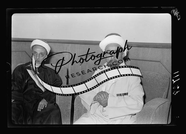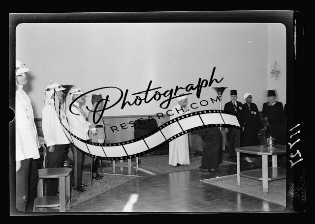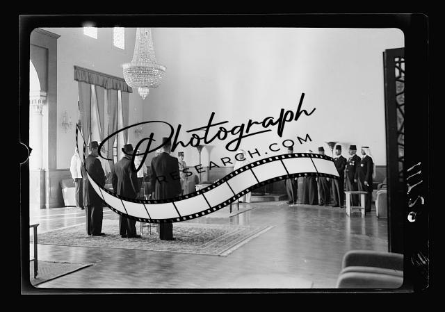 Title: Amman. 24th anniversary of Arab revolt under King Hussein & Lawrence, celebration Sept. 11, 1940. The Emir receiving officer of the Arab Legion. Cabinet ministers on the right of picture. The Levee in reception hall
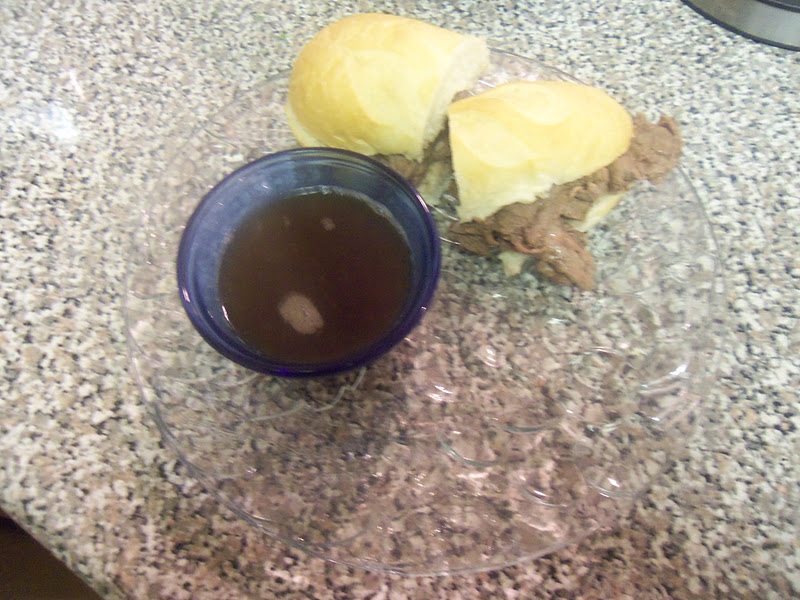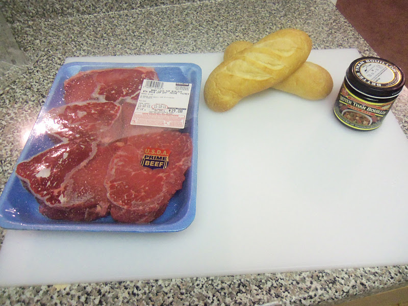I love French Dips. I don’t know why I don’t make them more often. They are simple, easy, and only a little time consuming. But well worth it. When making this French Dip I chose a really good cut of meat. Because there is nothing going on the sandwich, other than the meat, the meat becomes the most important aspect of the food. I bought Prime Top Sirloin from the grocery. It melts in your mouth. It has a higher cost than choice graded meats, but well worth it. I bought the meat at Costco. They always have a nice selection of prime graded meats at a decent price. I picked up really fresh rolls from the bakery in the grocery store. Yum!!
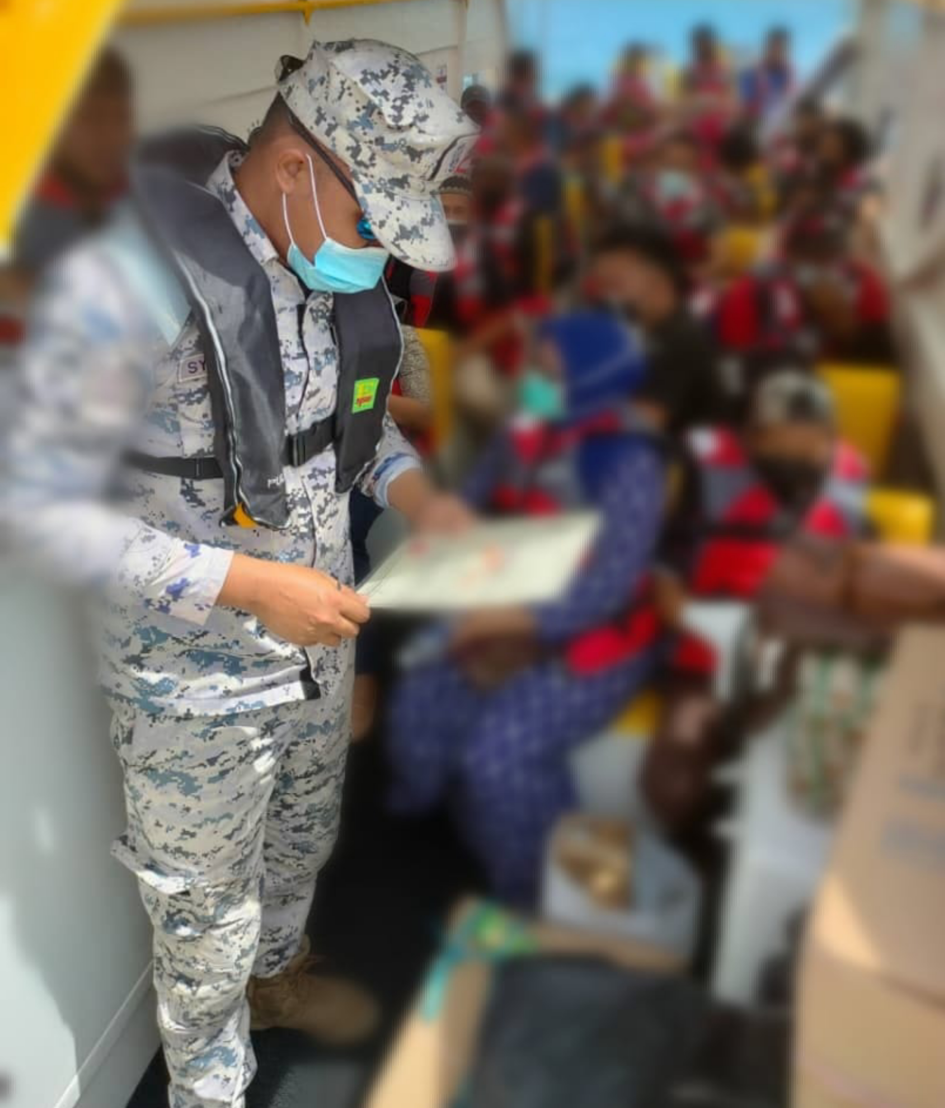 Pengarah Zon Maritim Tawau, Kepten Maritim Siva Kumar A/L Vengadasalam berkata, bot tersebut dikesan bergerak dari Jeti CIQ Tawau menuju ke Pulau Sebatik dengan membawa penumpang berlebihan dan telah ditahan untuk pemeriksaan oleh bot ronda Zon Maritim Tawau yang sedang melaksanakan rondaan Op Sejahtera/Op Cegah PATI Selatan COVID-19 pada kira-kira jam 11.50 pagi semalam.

Task brief: Pictures are to be left out; the rest of the listing should be printed exactly.

Answer to this task:
 Title: Amman. 24th anniversary of Arab revolt under King Hussein & Lawrence, celebration Sept. 11, 1940. The Emir receiving officer of the Arab Legion. Cabinet ministers on the right of picture. The Levee in reception hall
I love French Dips. I don’t know why I don’t make them more often. They are simple, easy, and only a little time consuming. But well worth it. When making this French Dip I chose a really good cut of meat. Because there is nothing going on the sandwich, other than the meat, the meat becomes the most important aspect of the food. I bought Prime Top Sirloin from the grocery. It melts in your mouth. It has a higher cost than choice graded meats, but well worth it. I bought the meat at Costco. They always have a nice selection of prime graded meats at a decent price. I picked up really fresh rolls from the bakery in the grocery store. Yum!!
 Pengarah Zon Maritim Tawau, Kepten Maritim Siva Kumar A/L Vengadasalam berkata, bot tersebut dikesan bergerak dari Jeti CIQ Tawau menuju ke Pulau Sebatik dengan membawa penumpang berlebihan dan telah ditahan untuk pemeriksaan oleh bot ronda Zon Maritim Tawau yang sedang melaksanakan rondaan Op Sejahtera/Op Cegah PATI Selatan COVID-19 pada kira-kira jam 11.50 pagi semalam.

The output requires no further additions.